TASK INPUTS -
====

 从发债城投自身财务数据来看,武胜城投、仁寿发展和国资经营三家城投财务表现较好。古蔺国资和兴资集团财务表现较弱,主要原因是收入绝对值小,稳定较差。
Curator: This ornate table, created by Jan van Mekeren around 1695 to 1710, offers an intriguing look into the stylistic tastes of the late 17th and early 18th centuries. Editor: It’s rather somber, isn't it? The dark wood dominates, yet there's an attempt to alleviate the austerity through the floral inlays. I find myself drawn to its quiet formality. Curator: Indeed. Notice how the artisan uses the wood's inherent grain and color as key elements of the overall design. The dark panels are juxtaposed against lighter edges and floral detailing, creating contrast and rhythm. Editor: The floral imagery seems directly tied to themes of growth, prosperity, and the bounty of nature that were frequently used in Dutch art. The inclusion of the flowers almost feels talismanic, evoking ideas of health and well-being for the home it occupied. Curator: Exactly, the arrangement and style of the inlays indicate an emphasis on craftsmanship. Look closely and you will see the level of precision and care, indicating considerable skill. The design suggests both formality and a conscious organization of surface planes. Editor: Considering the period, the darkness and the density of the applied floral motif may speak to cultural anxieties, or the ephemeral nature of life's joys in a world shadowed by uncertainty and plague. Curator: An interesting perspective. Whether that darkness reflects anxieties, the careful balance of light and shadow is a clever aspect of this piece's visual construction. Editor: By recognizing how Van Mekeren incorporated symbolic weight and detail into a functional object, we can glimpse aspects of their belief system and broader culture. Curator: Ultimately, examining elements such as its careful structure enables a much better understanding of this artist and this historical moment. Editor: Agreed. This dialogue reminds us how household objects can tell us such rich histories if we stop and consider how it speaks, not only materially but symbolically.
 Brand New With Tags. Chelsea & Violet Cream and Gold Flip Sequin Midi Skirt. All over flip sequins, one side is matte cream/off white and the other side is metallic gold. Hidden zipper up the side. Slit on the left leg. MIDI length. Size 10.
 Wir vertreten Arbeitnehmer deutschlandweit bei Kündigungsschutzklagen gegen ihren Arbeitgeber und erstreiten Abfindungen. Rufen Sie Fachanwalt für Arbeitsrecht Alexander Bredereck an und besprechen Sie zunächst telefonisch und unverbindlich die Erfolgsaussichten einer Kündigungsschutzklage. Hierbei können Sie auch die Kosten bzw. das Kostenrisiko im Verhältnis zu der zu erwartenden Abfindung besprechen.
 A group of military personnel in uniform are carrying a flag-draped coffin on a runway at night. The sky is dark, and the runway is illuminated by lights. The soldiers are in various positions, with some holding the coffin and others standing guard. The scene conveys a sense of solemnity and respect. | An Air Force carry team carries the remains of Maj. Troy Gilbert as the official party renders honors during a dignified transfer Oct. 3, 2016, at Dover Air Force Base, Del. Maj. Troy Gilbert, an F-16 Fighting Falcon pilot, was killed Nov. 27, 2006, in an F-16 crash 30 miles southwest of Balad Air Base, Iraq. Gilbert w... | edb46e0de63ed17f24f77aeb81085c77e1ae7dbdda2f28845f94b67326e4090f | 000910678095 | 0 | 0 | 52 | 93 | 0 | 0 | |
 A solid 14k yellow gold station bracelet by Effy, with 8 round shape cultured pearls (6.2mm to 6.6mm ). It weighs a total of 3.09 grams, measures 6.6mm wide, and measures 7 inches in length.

====

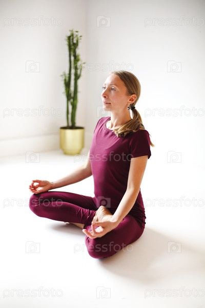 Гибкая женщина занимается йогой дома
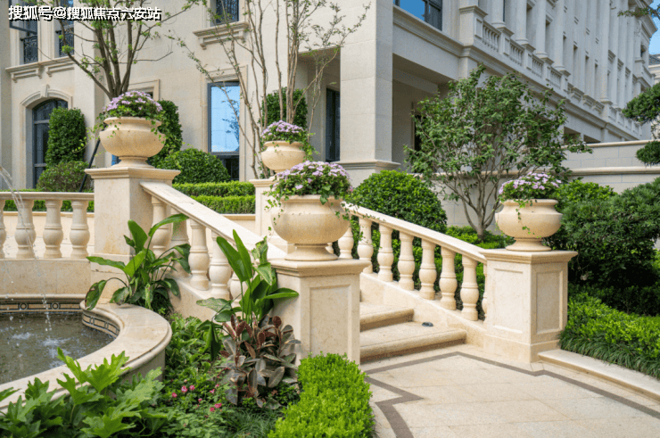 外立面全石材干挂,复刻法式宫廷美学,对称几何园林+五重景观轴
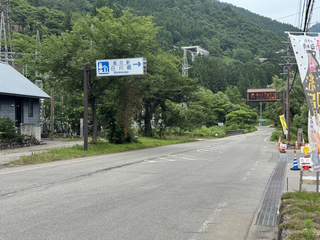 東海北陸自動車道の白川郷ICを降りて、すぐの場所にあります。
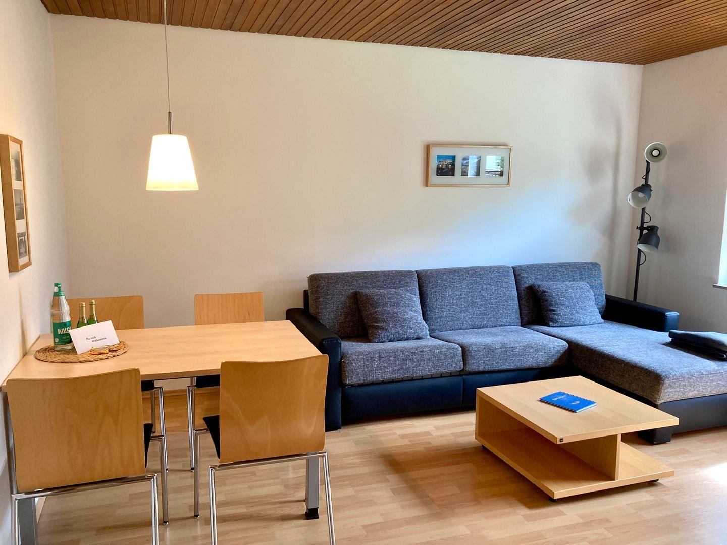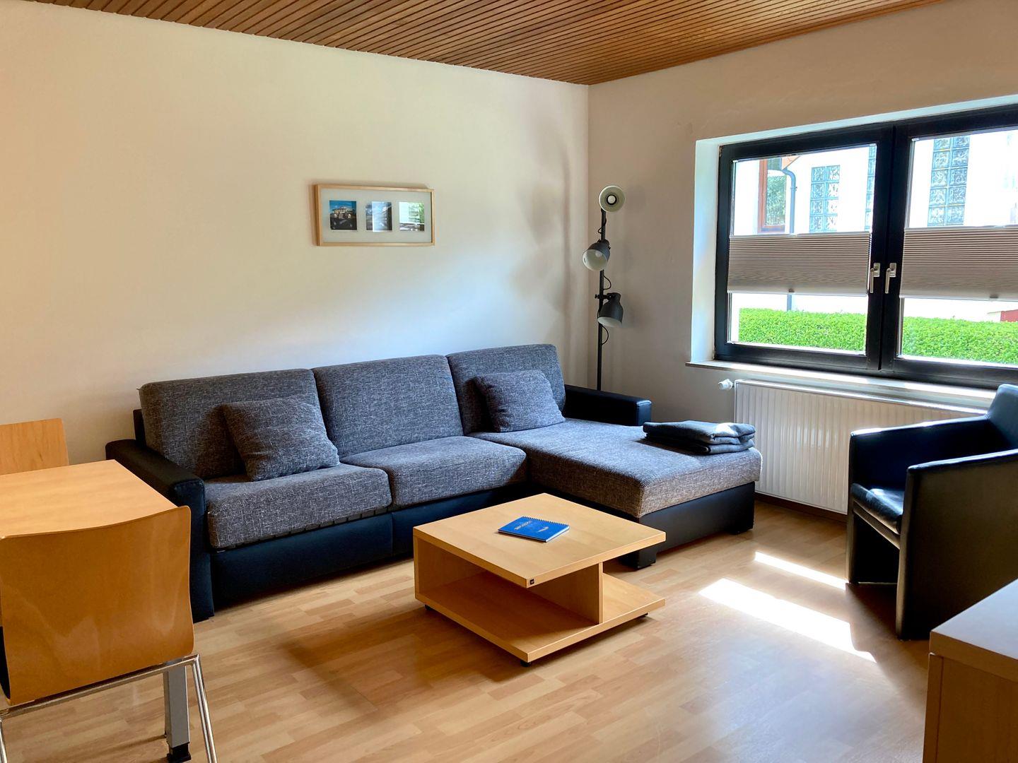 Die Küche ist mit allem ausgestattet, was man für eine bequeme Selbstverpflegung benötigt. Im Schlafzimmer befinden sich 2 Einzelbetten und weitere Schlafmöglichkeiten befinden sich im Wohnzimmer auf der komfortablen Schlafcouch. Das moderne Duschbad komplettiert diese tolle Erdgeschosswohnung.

====

WHAT IS REQUIRED -
Within the material above, find the lines that contain the word "length"; copy them.

ANSWER TO THIS PROBLEM -
 Brand New With Tags. Chelsea & Violet Cream and Gold Flip Sequin Midi Skirt. All over flip sequins, one side is matte cream/off white and the other side is metallic gold. Hidden zipper up the side. Slit on the left leg. MIDI length. Size 10.
 A solid 14k yellow gold station bracelet by Effy, with 8 round shape cultured pearls (6.2mm to 6.6mm ). It weighs a total of 3.09 grams, measures 6.6mm wide, and measures 7 inches in length.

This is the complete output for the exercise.